UniverCity is internationally recognized for its innovations in green building and community design. Over the past few years UniverCity has received the American Planning Association’s inaugural National Planning Excellence Award for innovation in green community planning; a Gold Award in the Sustainable Projects Category at the UN-backed LivCom Awards; and an Urban Land Institute Award for Excellence: the Americas for best practices in land use and development. The community is founded on four ‘Cornerstones of Sustainability’ - Environment, Equity, Economy and Education – these principles continue to guide the development today.

The project has also been successful in supporting the mission of SFU. To date, the Trust has distributed more than $25 million to SFU to support the university’s endowment with a goal of generating between $150 and $170 million (in today’s dollars) by the time the community is built out.

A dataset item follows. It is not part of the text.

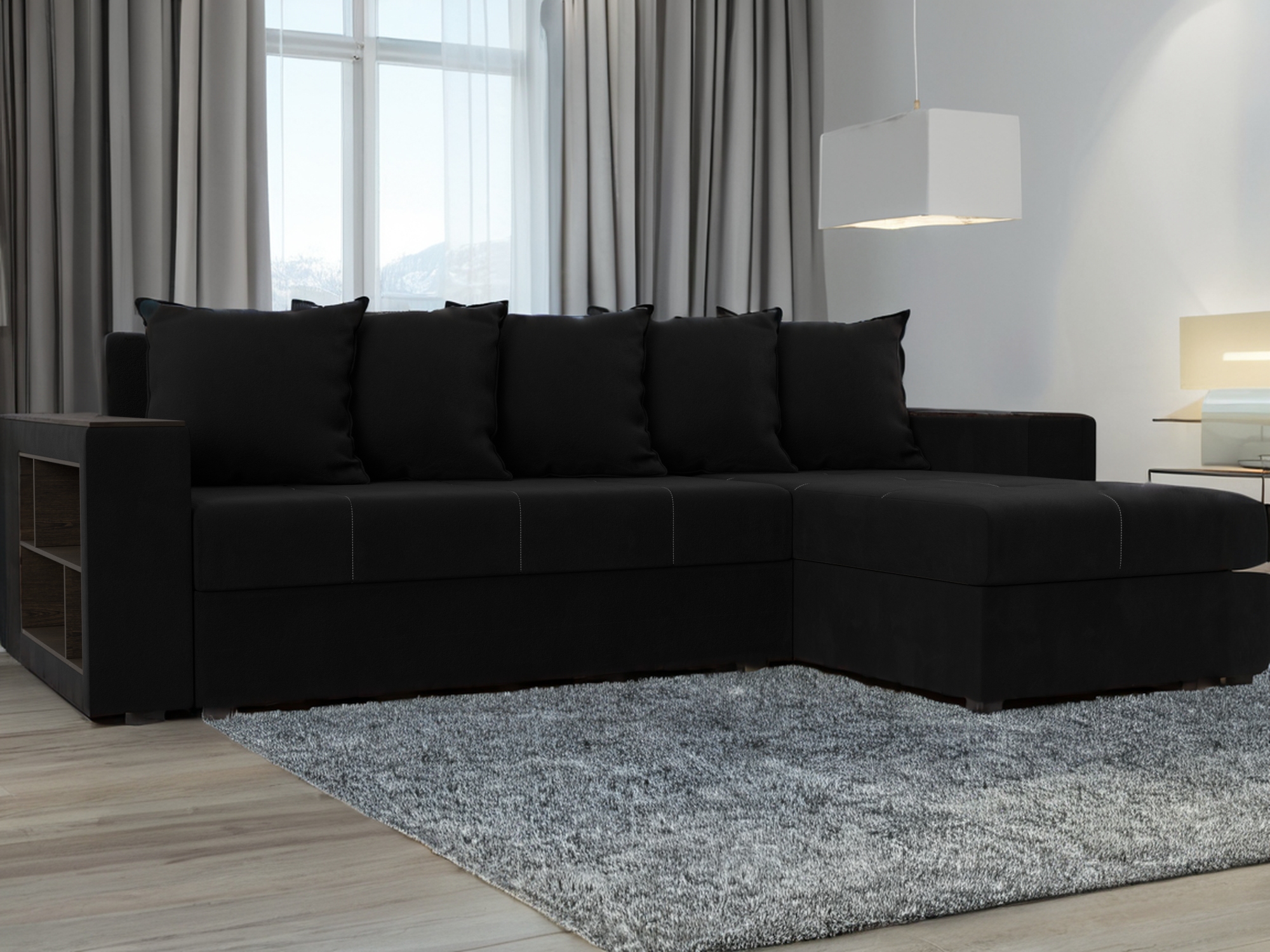 Отзывы о Столплит Диван угловой Дубай Лайт, микровельвет, правый угол Вельвет Черный

The growing community on Burnaby Mountain directly supports campus life through the provision of new services and housing options for faculty, staff, and students, and the ongoing development of UniverCity provides opportunities for student internships, research projects, teaching activities, and employment.

Looking forward to 2011, we will continue to do what we do best – building a remarkable, sustainable and livable community on Burnaby Mountain.